Analisi istopatologica
L'analisi istologica eseguita dopo 24 ore e 7 giorni dalla semina delle cellule ha mostrato una modifica della morfologia della matrice come ad esempio si è osservato nel campione dopo 7 giorni. La Figura 5 (a) mostra la matrice tenuta in terreno di cultura per 7 giorni senza cellule. Nella Figura 5 (b) è riporata l'immagine di un campione dopo 24 ore dalla semina delle cellule e nella Figura 5 (c) un campione osservato 7 giorni dopo la semina delle cellule. Nella Figura 5 (c) è predominante una componente fibrotica che è scarsamente evidente nel campione osservato dopo 24 ore dalla semina delle cellule. Nella Figura 5 (a) non esiste alcuna struttura come quella nella Figura 5 (b) e (c).

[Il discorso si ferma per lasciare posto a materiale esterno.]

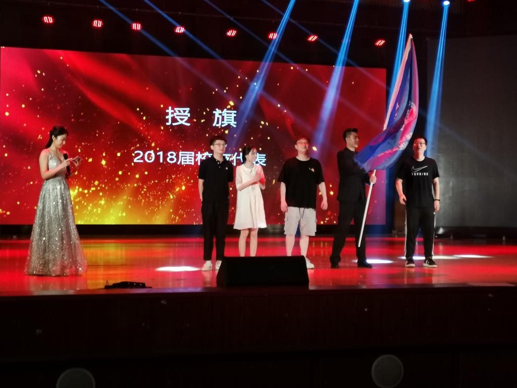 在毕业生们四年大学生活剪影的滚动画面和辅导员祝福的暖场视频中,晚会正式开始。乐队的演出瞬间点燃了整场晚会的气氛,街舞、小品等节目中让毕业生们回忆起初入大学的激情昂扬和青涩懵懂。在校友成立大会上,15级辅导员潘枝花宣读了计通学院2019届校友分会的理事会成员名单,并邀请到场的校友代表沈鑫等3名18届毕业生进行授旗仪式,随后理事会代表曾钊创上台发言,他们表达了进入校友会的激动以及自己对于母校的感谢之情。陈华寄语19届毕业生,希望大家学会感恩和传承,不忘母校母院师恩和同学情谊,毕业后永远都是计通人。

La figura 6 (a) - (c) riporta le immagini acquisite al microscopio confocale dopo 24h, 3 giorni e 7 giorni dalla semina delle cellule focalizzandosi sulla struttura della matrice. L'immagine in fluorescenza verde, che mostra le cellule, è sovrapposta all'immagine in campo chiaro che mostra la matrice in cui le cellule vengono seminate. In questo caso il verde è il colorante CFSE che evidenzia le cellule. Le immagini riportate mostrano una crescita di materiale nella matrice all'aumentare del tempo di coltura. Infatti, l'immagine acquisita 24 ore dopo la semina delle cellule mostra una struttura quasi trasparente (Figura 6 (a)); nelle immagini acquisite dopo 3 giorni (Figura 6 (b)) e 7 giorni Figura 6 (c) dalla semina delle cellule, la luce laser evidenzia che è più difficile illuminare la struttura del campione che appare più spessa. Questo fatto è stato trovato per tutti i campioni analizzati (4 campioni per ciascuna delle tre prove di esame). Da queste può essere evidenziato che 7 giorni dopo la semina delle cellule appare una matrice più complessa.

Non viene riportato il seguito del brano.